Amazon EMR
Developer Guide

Apache HBase

HBase is an open source, non-relational, distributed database. It was developed as part of Apache Software Foundation's Hadoop project and runs on top of Hadoop Distributed File System (HDFS) to provide non-relational database capabilities for the Hadoop ecosystem. HBase provides you a fault-tolerant, efficient way of storing large quantities of sparse data using column-based compression and storage. In addition, it provides fast lookup of data because large portions of data are cached in-memory. Cluster instance storage is still used. HBase is optimized for sequential write operations, and is highly efficient for batch inserts, updates, and deletes. HBase also supports cell versioning so you can look up and use several previous versions of a cell or a row.

HBase works seamlessly with Hadoop, sharing its file system and serving as a direct input and output to the MapReduce framework and execution engine. HBase also integrates with Apache Hive, enabling SQL-like queries over HBase tables, joins with Hive-based tables, and support for Java Database Connectivity (JDBC).

Additionally, HBase on Amazon EMR provides the ability to back up your HBase data directly to Amazon Simple Storage Service (Amazon S3). You can restore from a previously created backup when launching an HBase cluster. W

For more information, see the HBase website and documentation.

What Can I Do with HBase?

You can use HBase for random, repeated access to and modification of large volumes of data. HBase provides low-latency lookups and range scans, along with efficient updates and deletions of individual records.

Here are several HBase use cases to consider:

Reference data for Hadoop analytics

With its direct integration with Hadoop and Hive and rapid access to stored data, HBase can be used to store reference data used by multiple Hadoop tasks or across multiple Hadoop clusters. This data can be stored directly on the cluster running Hadoop tasks or on a separate cluster. Types of analytics include analytics requiring fast access to demographic data, IP address geolocation lookup tables, and product dimensional data.

Real-time log ingestion and batch log analytics

>HBase's high write throughput, optimization for sequential data, and efficient storage of sparse data make it a great solution for real-time ingestion of log data. At the same time, its integration with Hadoop and optimization for sequential reads and scans makes it equally suited for batch analysis of that log data after ingestion. Common use cases include ingestion and analysis of application logs, clickstream data, and in game usage data.

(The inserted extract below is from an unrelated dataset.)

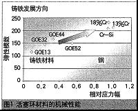 当今活塞环应用各种品质的铸铁材料和钢。首先考察铸铁材料,按照用材料强度、延伸率、疲劳强度和耐磨性等指标表征的承载能力,可选用的铸造品质的全部范围见表1。对于第一道压缩环应特别优先选用一种具有高抗弯强度和弹性模数的球墨铸铁,其基体为马氏体,以获得高的硬度,可使侧面具有较好的耐磨性。

Store for high frequency counters and summary data

Counter increments aren't just database writes, they're read-modify-writes, so they're a very expensive operation for a relational database. However, because HBase is a nonrelational, distributed database, it supports very high update rates and, given its consistent reads and writes, provides immediate access to that updated data. In addition, if you want to run more complex aggregations on the data (such as max-mins, averages, and group-bys), you can run Hadoop jobs directly and feed the aggregated results back into HBase.